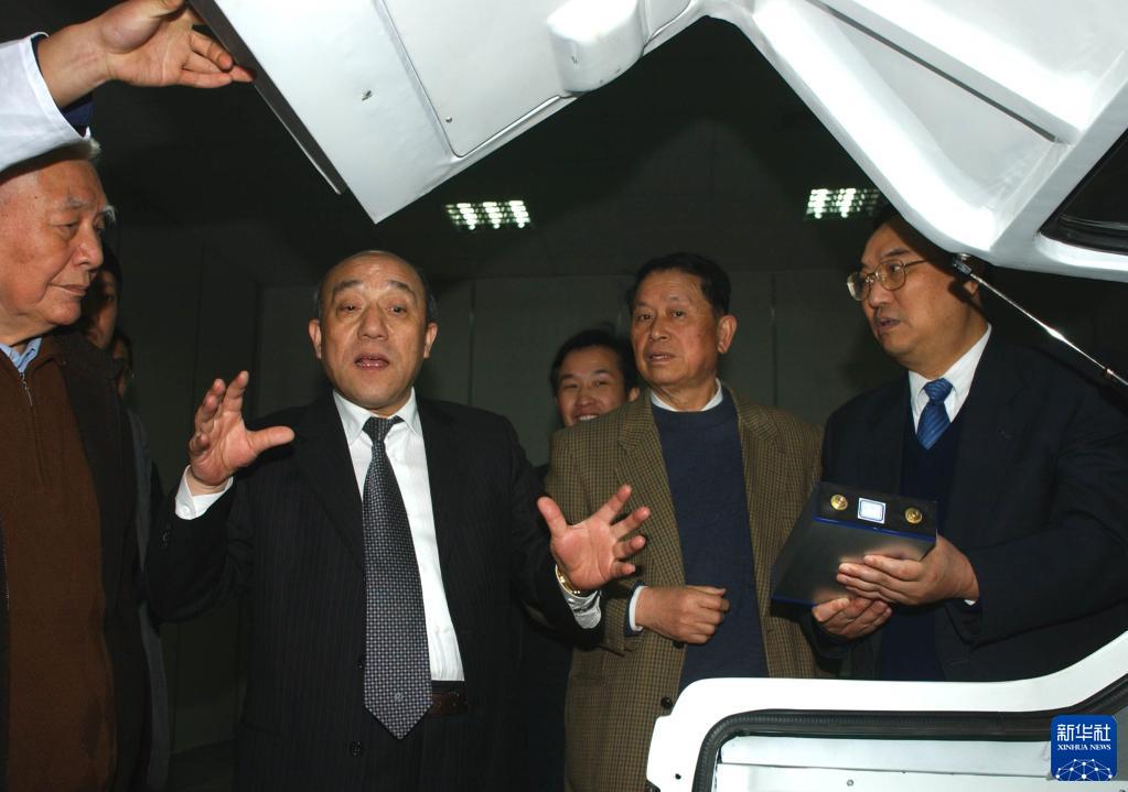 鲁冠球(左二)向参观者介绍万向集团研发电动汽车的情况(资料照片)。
* * *
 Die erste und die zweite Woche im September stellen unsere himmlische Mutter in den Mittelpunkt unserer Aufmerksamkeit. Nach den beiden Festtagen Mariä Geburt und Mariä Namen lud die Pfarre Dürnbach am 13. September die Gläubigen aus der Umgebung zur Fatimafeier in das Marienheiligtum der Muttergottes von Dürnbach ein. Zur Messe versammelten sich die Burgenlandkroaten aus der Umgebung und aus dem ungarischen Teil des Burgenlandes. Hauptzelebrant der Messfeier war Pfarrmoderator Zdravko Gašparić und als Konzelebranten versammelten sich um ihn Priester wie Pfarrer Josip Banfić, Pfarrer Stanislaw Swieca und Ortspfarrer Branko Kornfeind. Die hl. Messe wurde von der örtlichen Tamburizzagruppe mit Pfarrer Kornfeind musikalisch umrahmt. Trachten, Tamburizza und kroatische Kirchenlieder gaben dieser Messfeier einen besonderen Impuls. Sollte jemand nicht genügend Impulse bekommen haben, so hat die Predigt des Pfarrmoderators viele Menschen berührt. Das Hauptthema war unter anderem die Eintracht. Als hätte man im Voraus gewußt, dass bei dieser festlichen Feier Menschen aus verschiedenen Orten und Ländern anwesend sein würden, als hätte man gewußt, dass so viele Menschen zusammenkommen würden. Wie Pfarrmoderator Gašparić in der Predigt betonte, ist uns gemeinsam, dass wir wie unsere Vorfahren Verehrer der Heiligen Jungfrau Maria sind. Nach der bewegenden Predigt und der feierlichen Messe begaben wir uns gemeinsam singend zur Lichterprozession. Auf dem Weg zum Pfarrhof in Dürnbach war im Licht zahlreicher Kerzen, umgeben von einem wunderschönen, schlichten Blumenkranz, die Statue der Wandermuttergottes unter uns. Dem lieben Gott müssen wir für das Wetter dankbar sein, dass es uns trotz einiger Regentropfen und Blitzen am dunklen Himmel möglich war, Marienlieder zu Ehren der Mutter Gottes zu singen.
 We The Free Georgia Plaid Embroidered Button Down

• [YOUR TASK] When you reach the line holding "Die erste und" in the records above, begin reproducing exactly, stop after the line holding "We The Free", and output nothing else.

• [THE COMPLETED TASK]
 Die erste und die zweite Woche im September stellen unsere himmlische Mutter in den Mittelpunkt unserer Aufmerksamkeit. Nach den beiden Festtagen Mariä Geburt und Mariä Namen lud die Pfarre Dürnbach am 13. September die Gläubigen aus der Umgebung zur Fatimafeier in das Marienheiligtum der Muttergottes von Dürnbach ein. Zur Messe versammelten sich die Burgenlandkroaten aus der Umgebung und aus dem ungarischen Teil des Burgenlandes. Hauptzelebrant der Messfeier war Pfarrmoderator Zdravko Gašparić und als Konzelebranten versammelten sich um ihn Priester wie Pfarrer Josip Banfić, Pfarrer Stanislaw Swieca und Ortspfarrer Branko Kornfeind. Die hl. Messe wurde von der örtlichen Tamburizzagruppe mit Pfarrer Kornfeind musikalisch umrahmt. Trachten, Tamburizza und kroatische Kirchenlieder gaben dieser Messfeier einen besonderen Impuls. Sollte jemand nicht genügend Impulse bekommen haben, so hat die Predigt des Pfarrmoderators viele Menschen berührt. Das Hauptthema war unter anderem die Eintracht. Als hätte man im Voraus gewußt, dass bei dieser festlichen Feier Menschen aus verschiedenen Orten und Ländern anwesend sein würden, als hätte man gewußt, dass so viele Menschen zusammenkommen würden. Wie Pfarrmoderator Gašparić in der Predigt betonte, ist uns gemeinsam, dass wir wie unsere Vorfahren Verehrer der Heiligen Jungfrau Maria sind. Nach der bewegenden Predigt und der feierlichen Messe begaben wir uns gemeinsam singend zur Lichterprozession. Auf dem Weg zum Pfarrhof in Dürnbach war im Licht zahlreicher Kerzen, umgeben von einem wunderschönen, schlichten Blumenkranz, die Statue der Wandermuttergottes unter uns. Dem lieben Gott müssen wir für das Wetter dankbar sein, dass es uns trotz einiger Regentropfen und Blitzen am dunklen Himmel möglich war, Marienlieder zu Ehren der Mutter Gottes zu singen.
 We The Free Georgia Plaid Embroidered Button Down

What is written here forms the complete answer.